RSS with Hardware Queuing
RSS with hardware queuing improves system performance relative to RSS with a single hardware receive queue solution. NICs that support hardware queuing assign received data to multiple receive queues. The receive queues are associated with a CPU. The NIC assigns received data to CPUs based on hash values and an indirection table.
The following figure illustrates RSS with NIC receive queuing.
In the figure, the dashed arrows represent an alternate path for the receive processing. RSS cannot control the CPU that receives the initial ISR call. The driver does not have to queue the data so it can immediately schedule the initial DPCs on the correct CPUs.
The following process repeats for each interrupt:
The NIC:
Uses DMA to fill buffers with received data.
The miniport driver allocated the receive buffers in shared memory during initialization.
Computes a hash value.
Queues the buffer for a CPU and provides the queue assignments to the miniport driver.
For example, the NIC could loop steps 1-3 and DMA a list of CPU assignments after some number of packets are received. The specific mechanism is left to the NIC design.
Interrupts the system.
The received buffers that the system handles in one interrupt are distributed between the CPUs.
NDIS calls the miniport driver's MiniportInterrupt function (ISR) on a system-determined CPU.
The miniport driver requests NDIS to queue deferred procedure calls (DPCs) for each of the CPUs that have a non-empty queue.
Note that all the DPCs must complete before the driver enables interrupts. Also, note that the ISR might be running on a CPU that has no buffers to process.

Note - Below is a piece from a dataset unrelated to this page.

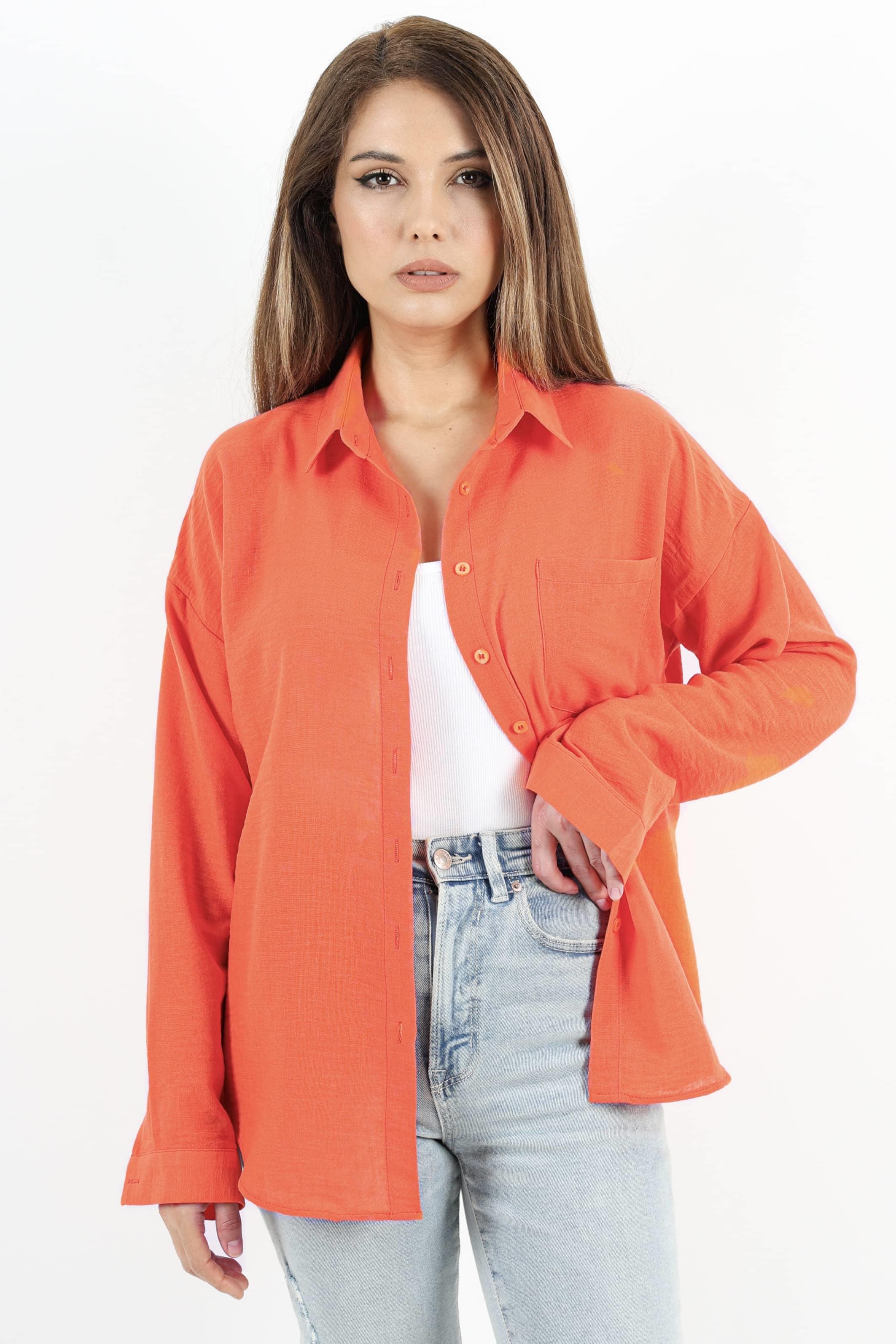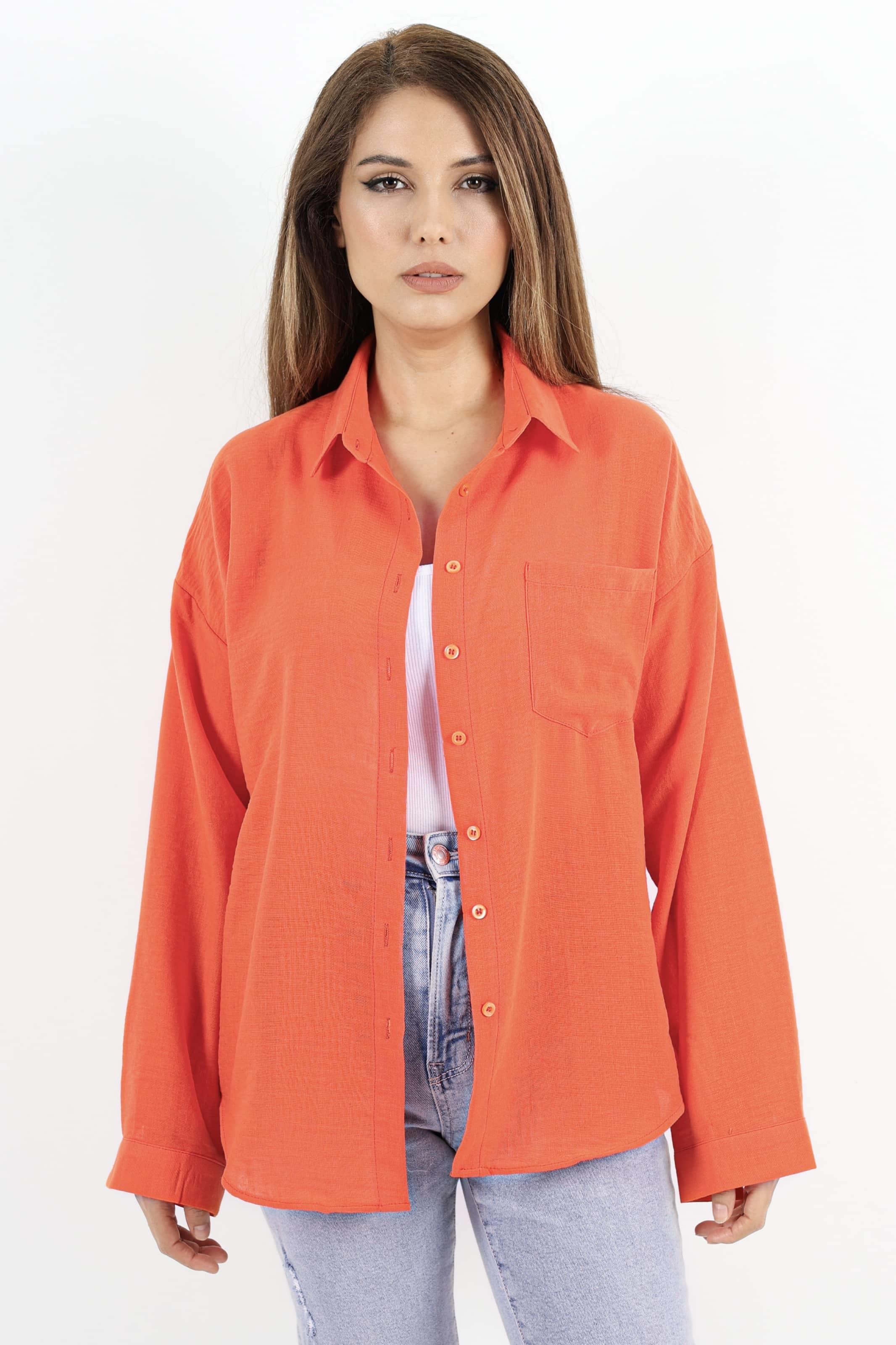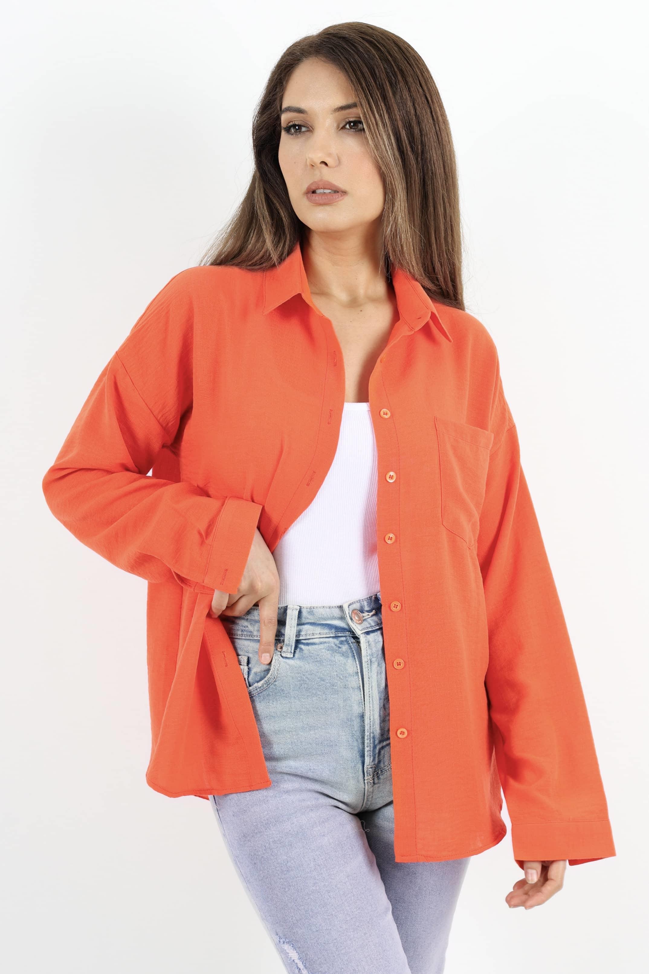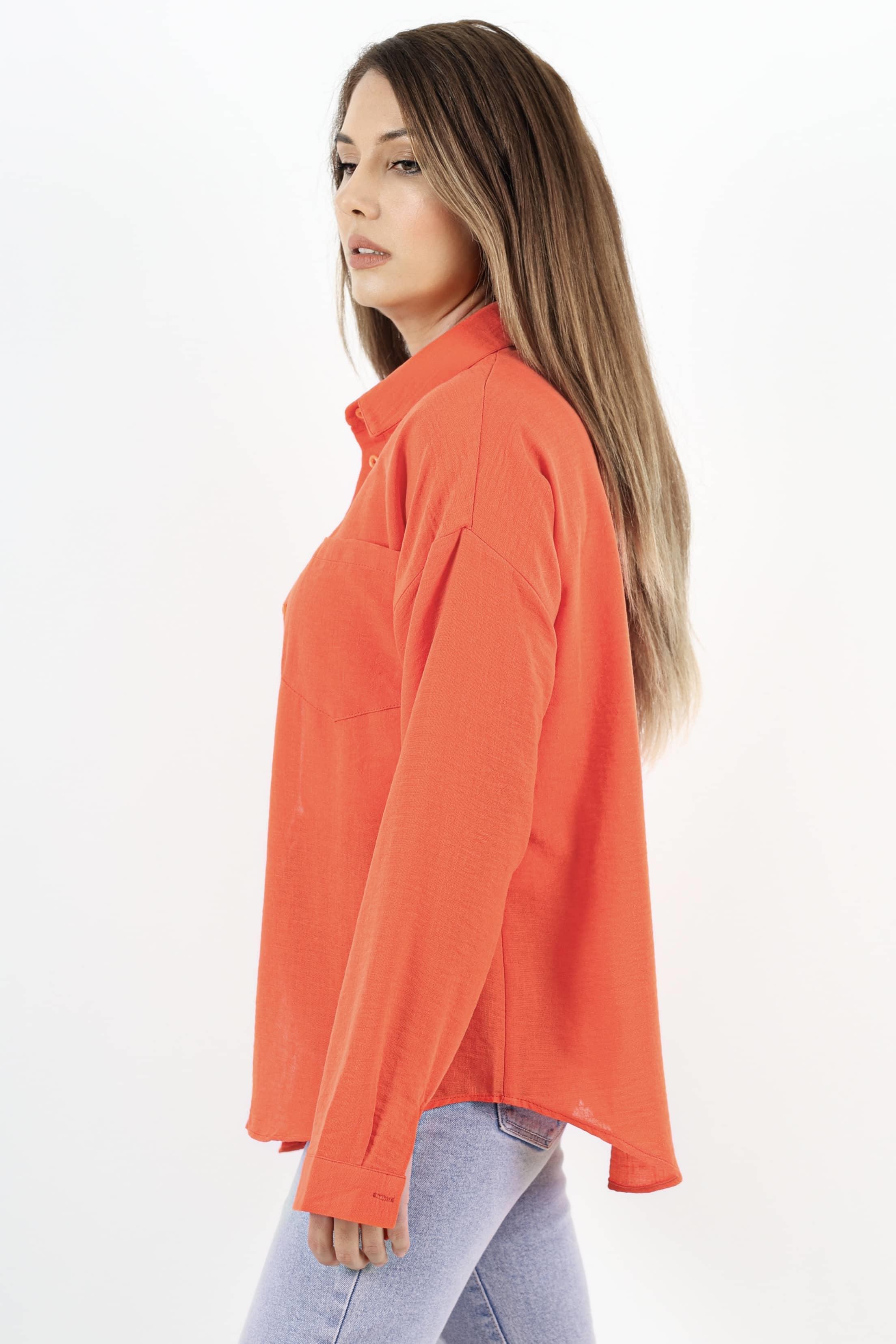 Kadın Well Turuncu Keten Gömlek

NDIS calls the MiniportInterruptDPC function for each queued DPC. The DPC on a given CPU:
Builds receive descriptors for all of the received buffers in its queue and indicates the data up the driver stack.
For more information, see Indicating RSS Receive Data.
Enables the interrupts, if it is the last DPC to complete. This interrupt is complete and the process starts again. The driver must use an atomic operation to identify the last DPC to complete. For example, the driver can use the NdisInterlockedDecrement function to implement an atomic counter.